Wake up and smell the rock
Nothing against Starbucks or other corporate coffee joints, but there seems to be a certain, ahem, pussyass quality inherent in the branding of said chains.
I mean, this is coffee, people. Which is to say, why is it that whenever I step into the local McJumperCable’s for my extra-venti mudflapocchino with snickerdoodle-crumb sprinkles on top, do I hear some completely wimpy singer-songwriter dear-diary musings by the latest pixie-voiced waif that some major-label A&R weasel is horizontally evaluating? And why can’t I find a new copy of Iggy & the Stooges’ Raw Power anywhere in town?
Something is wrong with this picture. If I were the CEO of Starbucks, I would demand that Raw Power be the music that greeted sleepy customers in line for that crucial morning jolt. (But then, Norah Jones’ music probably puts more customers on the terminal nod, thus motivating them to up the number of caffeine shots they order, so the waif music probably is calculated by suits to sell more coffee.)

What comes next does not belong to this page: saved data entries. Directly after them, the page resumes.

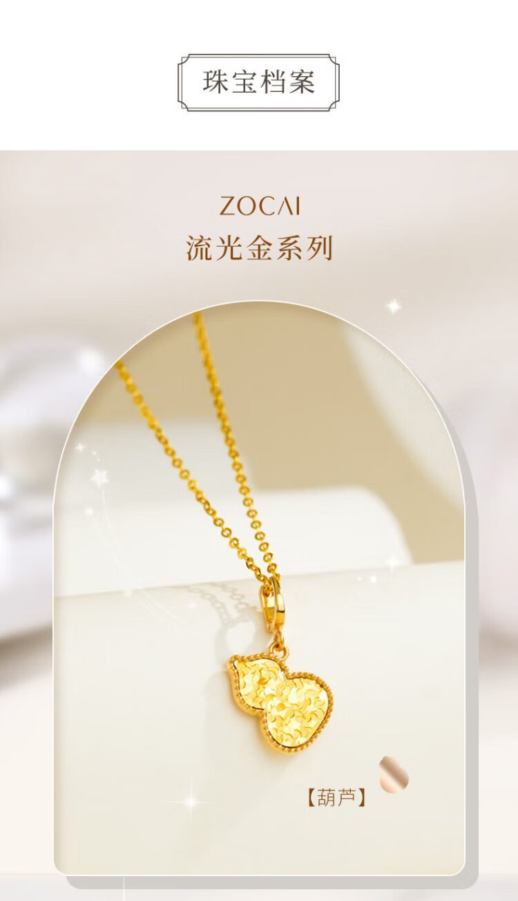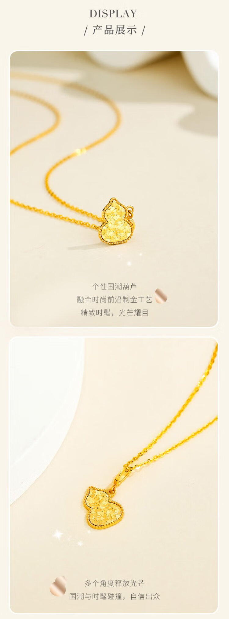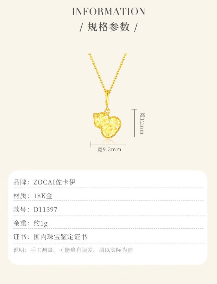 Zokayi yellow 18K gold pendant crushed ice gourd necklace Chinese style birthday gift D11397
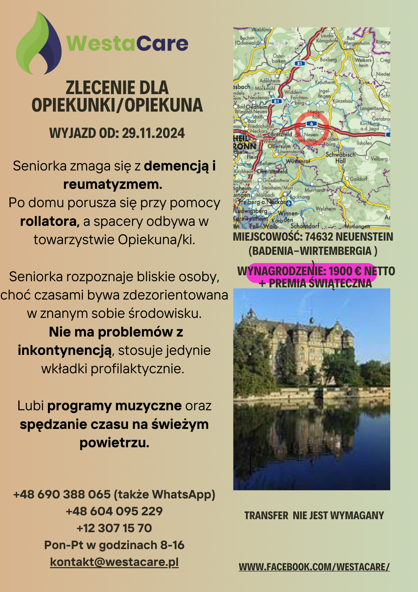 Zlecenie dla Opiekunki/Opiekuna od 29.11 1900 € netto + Premia Świąteczna
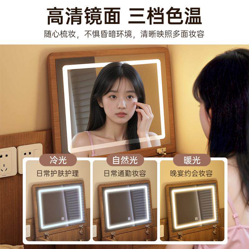 翻盖梳妆台卧室现代简约床头柜收纳柜一体小型化妆镜化妆书桌

Anyway, one place you won’t get waifed and snickerdoodled is the Javalounge on 16th Street, across from Willie’s. Even the visuals, mostly by local cartoony monster-mash master Skinner, are a fog-cutting assault on the senses. And while sometimes the music can be mellow, often it’s as jaggedly inspired as Skinner’s artwork.
While a brief visit Thursday provided some saxophone squalls that would clean the varnish off most tables, a return the following Saturday brought the rock. Opening was Nevada City power-pop trio Furniture On Fire, which launched into a nicely muscular but sufficiently melodic set that set a fine tone for the evening, with guitarist and singer Jonah Wells backed by bassist Art Echternacht and drummer Nick Szwarc. At the end of the set, the band passed out a three-song CD sampler from its forthcoming album.
Iguanadon followed. I’ll admit I was a bit harsh on this trio when it played Fools Foundation a few months ago, but concrete bunkers and metal do not mix. Here, though, the trio, fronted by artist Skinner on guitar and vocals, with Kristie Harris on drums and Dan Herrera on bass, was able to launch into a vicious sonic wankathon that left the crowd gasping and jabbering like raccoons that just cracked into a campground cooler. To wit: “Budda budda budda … Grong! Grong! Grong! Skreeeee … budda budda budda Grong! Skreeeee!” Skinner seems to have recaptured the neo-operatic kitty-in-a-blender vocal form he mastered when he fronted the Little People, which is a good thing.
Closing the show was Agent Ribbons, which has turned into one of the area’s finest cabaret acts. Singer Natalie Gordon is rapidly becoming our very own Eleni Mandell (the fine Los Angeles chanteuse who will have played Java Lounge, on Tuesday, by the time you read this). The red-headed singer, who cites jazz great Blossom Dearie as an influence, just gets better and better. Backed by Lauren Hess on drums, Gordon strummed her powder-blue Danelectro guitar, warbled her canon of should-be hits and laid waste to a crowd that had just been bowled over by Skinner’s metal machine. As one guy put it, walking out: “I sure hope she has a good lawyer, because the A&R weasels are gonna go crazy when they catch wind of her.”